Do LLCs Have Stock Certificates: Everything You Need to Know
Do LLCs have stock certificates? Limited liability companies (LLCs) do not issue stock, and therefore they do not have stock certificates.3 min read
Do LLCs have stock certificates? Limited liability companies (LLCs) do not issue stock, and therefore they do not have stock certificates.
LLC Versus Corporation
The owners, called members, of an LLC, have interest in the business based on their capital contributions and what's specified in the operating agreement. These are not called shares like the shareholders in a corporation have because the overall structure of the LLC business type is different from the corporation type. Only businesses with corporate structures actually distribute shares.
LLCs also do not have bylaws or the director/officer structure that a corporation does, so they are called unincorporated business entities. Anytime individuals or entities invest in a business, they receive stocks, shares, or distribution percentages of some sort. LLCs are formed by contracts while corporations are formed by statutes.
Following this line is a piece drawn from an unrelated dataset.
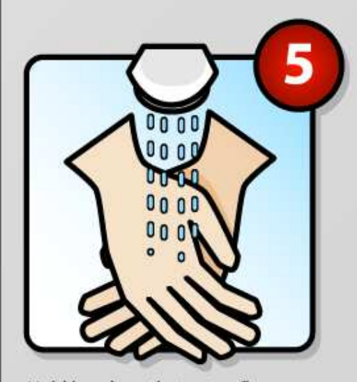
Hold hands so that water flows from the wrist to fingertips.

There are many formalities required in the formation and upkeep of corporations that are not required for LLCs. These are also called corporate default rules. They include:
- Shareholder meetings.
- Appointing of directors and officers.
LLCs are governed by their own operating agreements rather than laws set out by the state or federal government. Other than filing fees and articles of organization, LLCs do not have much for which they need to answer to the state. The operating agreement for an LLC is its governing document. It should include details about the business like:
- Business purpose.
- Management structure.
- Member liability.
- Member obligations and responsibilities.
- Membership interests.
LLC Membership Interest Versus Corporate Stock Certificates
LLCs do not issue stock nor do they have stockholders. The membership interests specified in the operating agreements are essentially the members' stock, but they aren't usually given in certificate form. The members of an LLC are its owners, not shareholders. If an LLC has many owners, the operating agreement may call for issuing membership certificates.
The certificates found in an LLC usually just include the certificate of formation, membership certificates (if issued), and certificates for good standing issued each year by the state. If an LLC decides to issue membership certificates, they will specify the percentage of ownership for each member receiving a certificate.
There are a few basic things you need to understand about the LLC business structure before forming this type of business. All members have a right to share in the profits of the business. Exactly how much each member gets depends on what it stated in the operating agreement.
Membership profit distributions can be determined base on the capital contributions of members, but they don't have to be. LLCs have the freedom to determine membership percentages freely. Some distribution percentages are based on a member's amount of responsibility in the business rather than their capital contribution.
Profit distributions can only take place if the LLC is up-to-date on all of its debt payments and other obligations. If a distribution amount is going to cause the LLC's liabilities to exceed assets, it may not take place.
Multi-member LLCs are automatically categorized as partnerships by the IRS and taxed as pass-through entities. This means that the profits of the business pass-through to the LLC members and those members are required to pay taxes on those profits through their personal income tax returns. If the LLC chooses to be taxed like a corporation, then the business itself will pay taxes and members are also taxed on what they take home. Single-member LLCs are viewed as sole proprietorships in the eyes of the IRS. They are therefore also taxed as pass-through entities.
How to Issue Membership Interests
Once you've formed an LLC, you'll need to allocate the membership interests. This will be handled through the formation of the LLC's operating agreement. These documents should be signed by all of the LLC members. The operating agreement will also specify how the members will pay their initial contributions. Called consideration, this is usually in the form of cash but can also be a service provision or an asset transfer.
All of the details of the various membership percentages and capital contributions of members should be recorded and kept in a safe place. Many LLCs choose to keep a record book for such details and transaction information. Along with a record book, you'll want to keep the operating agreement and articles of formation together as well. These are called the LLC's formation documents, and they are very important to keep track of.